ATV riders are driving through fragile Atlantic salmon habitat in Nova Scotia's Annapolis Valley, according to a conservation group that's working in the Fales River to protect the endangered species.
The area of the river near a residential subdivision in Greenwood offers the perfect conditions for salmon to lay their eggs, and young salmon known as parr as well as brook trout have been spotted in the area, said Katie McLean, the program manager with the Clean Annapolis River Project.
She said there appears to be a small number of people crossing the river on ATVs on a fairly regular basis. Staff have noticed tire tracks and a rough trail cut through the trees on private property. Last year they captured a video of three riders crossing the water.
"If there was a redd — the name for a salmon nest — in one of those exact locations. That's not going to fare well for the salmon eggs," McLean told CBC Radio's Information Morning.
ATVs also stir up sediment from the bottom of the river that can drift downstream and smother nests or change the water quality, she said. Her team has spent the last few years trying to restore the fish habitat by installing structures in the water and using a process called sand wanding to remove very fine sediment from the nest areas.
"That's where it can feel particularly frustrating then to see an activity that's directly putting those sediments back into the stream," she said.
It's illegal for ATV riders to cross watercourses in Nova Scotia unless they're frozen, and the Clean Annapolis River Project is working on putting up signs in the Fales River area to educate riders.

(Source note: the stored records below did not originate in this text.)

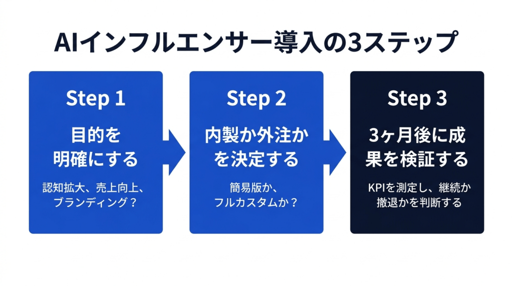 つまり、「目的の明確化→制作体制の判断→小規模検証」の3ステップを踏めば、メリットを最大化しながらリスクを最小化できるということ。
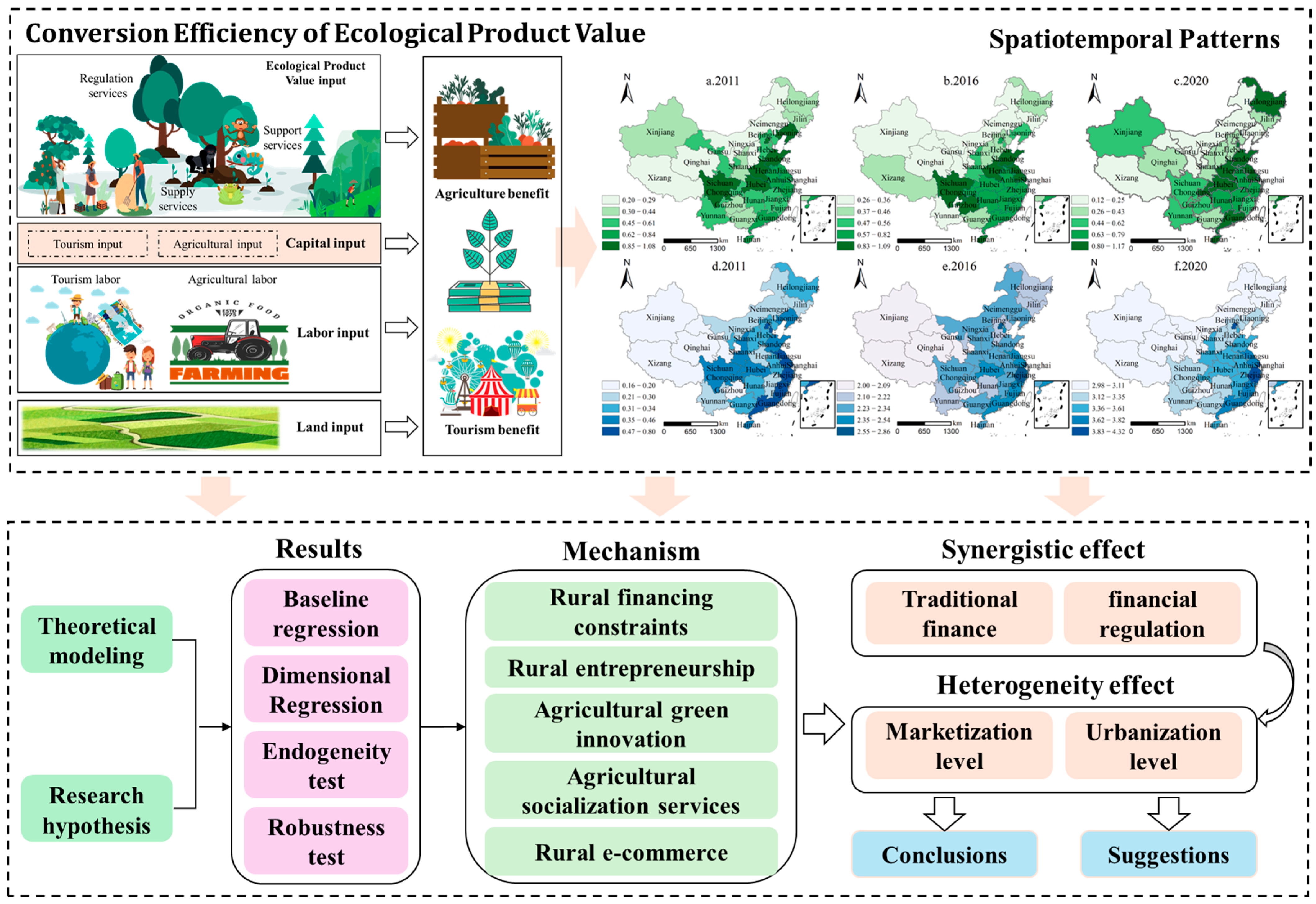 In this regard, digital finance—an emerging financial innovation integrating digital technologies with inclusive financial services—has created new opportunities for overcoming the traditional barriers to EPV realization. With its features of efficiency, accessibility, and inclusiveness, digital finance can reduce transaction costs, ease financing constraints, and expand market access for ecological industries. Existing studies have explored its impacts on rural financing [6], green productivity [7], entrepreneurship [8], and innovation [9]. However, systematic investigations into how digital finance affects the CEEPV remain limited.
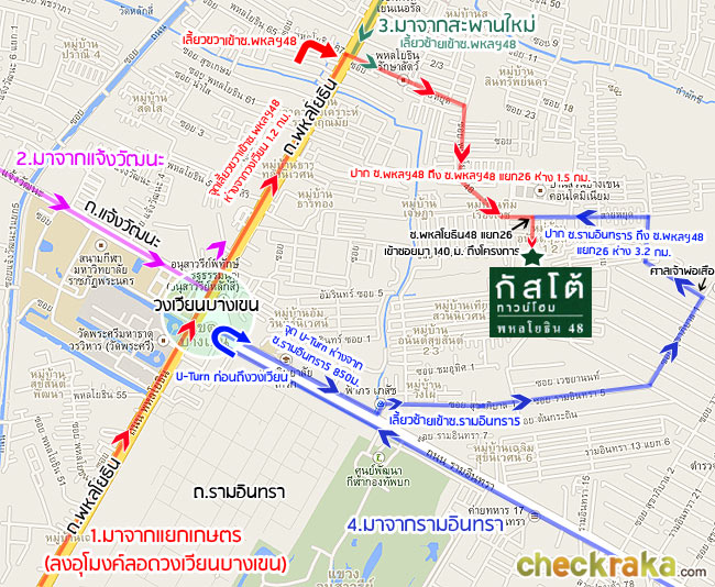 เส้นทางที่ 4 (มาจากรามอินทรา) - หากมาจากทางรามอินทรา พอใกล้ถึงวงเวียนบางเขน ไม่ต้องขึ้นสะพานข้ามวงเวียน ให้ชิดซ้ายเพื่อกลับรถใต้สะพานข้ามแยกวงเวียน พอกลับรถมาแล้วให้ตรงไปอีกประมาณ 850 ม. (เซ็นทรัลรามอินทราจะอยู่ทางซ้ายมือ) เลี้ยวซ้ายเข้าซอยรามอินทรา 5 ตรงไปเรื่อยๆ ตามทางประมาณ 1.9 กม. จะถึงแยกศาลพ่อเสือ ให้เลี้ยวซ้ายแล้วตรงไปอีกประมาณ 1.3 กม. เลี้ยวซ้ายเข้าซ.พหลโยธิน 48 แยก26 ตรงเข้าซอยไปอีก 140 ม. ก็จะถึงโครงการ
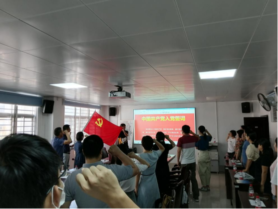 随后,全体党员面对鲜红的党旗,右手握拳,重温入党誓词,满怀激情的宣誓声让人深受感染。对党员来说,在党旗下的宣誓是最神圣最庄严的,每一次重温入党誓词,都深深地感受到了共产党人“对党忠诚、信念坚定、艰苦奋斗、甘于奉献”的精神,同时也提醒自己作为一名党员的政治责任和使命担当!
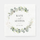 Une couronne d'eucalyptus avec feuillage verdoyant, Initiales de la mariée et du marié, Vous pouvez changer le libellé, la taille du texte, la couleur et la police.
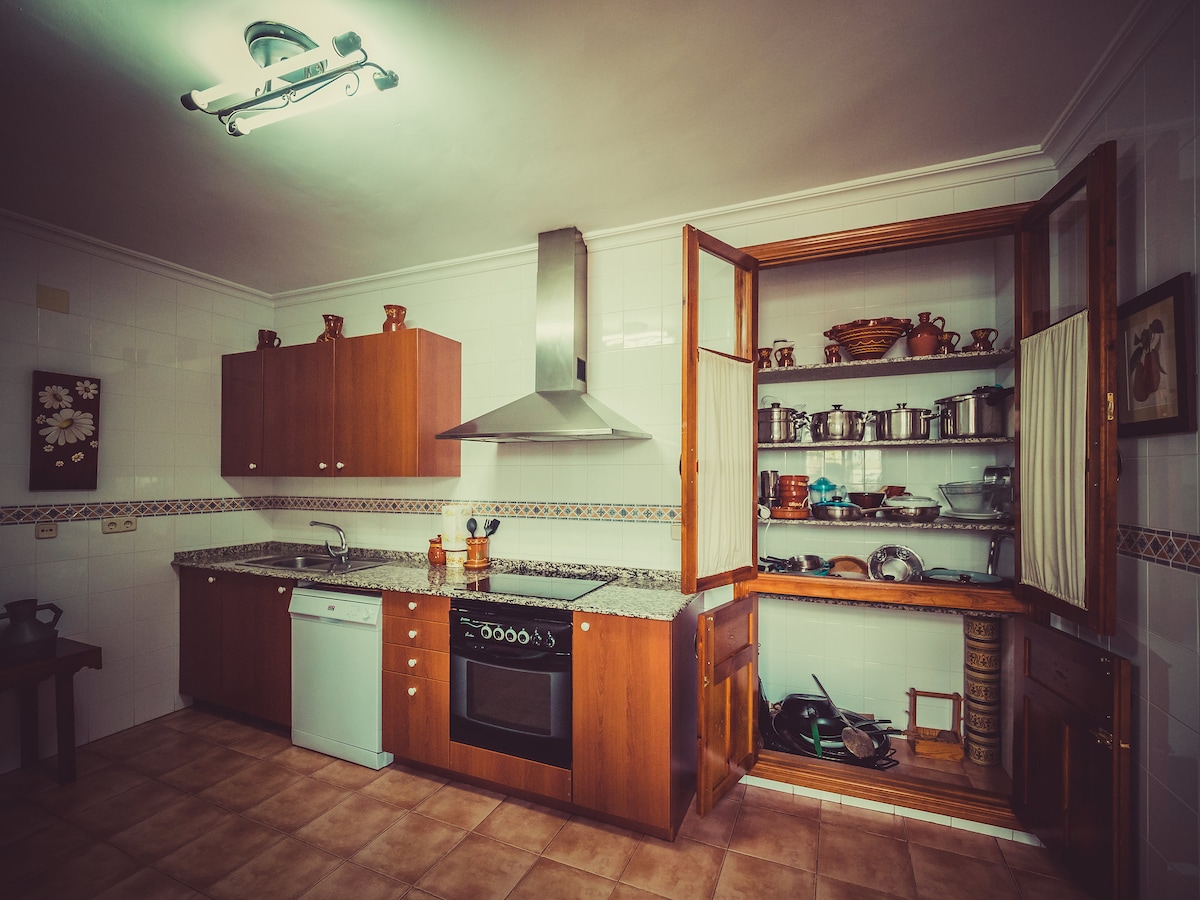 알카라 델 후카르의 탁 트인 전망을 자랑하는 언덕에 위치한 매력적인 시골집. 자연을 단절하고 즐기기에 안성맞춤입니다. 6 ~ 8인 수용 인원. 숙소는 다락방이 있는 복층으로 나뉘어 있으며 다음 객실로 구성되어 있습니다. 침실 4개 욕실 3개 주방 1개 식사 공간 1개 거실 1개 테라스 1개 액세서리: 바비큐, 숯, 장작, 벽난로. 궁금한 점이 있으시면 편하게 문의해 주세요 :)

ATV group wants more enforcement
The organization is getting some help from the All Terrain Vehicle Association of Nova Scotia.
Executive director Barry Barnet said he doesn't believe the people who are crossing the Fales River are members of his association, and he wants the Department of Environment to do more to enforce the rules.
"Enforcement has been a struggle over the past year and a half, and it's unfortunately a side effect of COVID," he said.
He said with enforcement officers being redeployed to the border, "we've had issues not just exclusively with environmental concerns, but with ATVs riding where they shouldn't ride and parking their trucks and trailers where they shouldn't park."
Barnet said ATVANS represents about 5,000 ATV riders who belong to 42 clubs, but there are also another 25,000 Nova Scotians who ride ATVs and aren't part of the group.
"Quite honestly, it's frustrating for the folks who are members of our organization who do the right thing and are responsible," he said. "While they're doing that, somebody is running down the road or driving through a river, right? It puts a black eye on our sport."
The Department of Environment referred CBC's questions to the Department of Lands and Forestry, which said it hadn't been aware of the situation in Greenwood and is now looking into it.
"To report an ATV/OHV violation, we encourage Nova Scotians to call 1-800-565-2224," the department said.
McLean said building a bridge over the area of the Fales River likely isn't an option because there are private landowners on one side who don't want to encourage people to ride through their property.
She added that ATV users may not know what they're doing is illegal and harmful to the environment. That's why she believes putting up signs will help.
"We're really supportive of having well-established ATV trails because a lot of the time ATVers and other people using the outdoors are some of our more avid volunteers," McLean said. "They're the eyes on the ground who recognize what's happening with wildlife and habitat."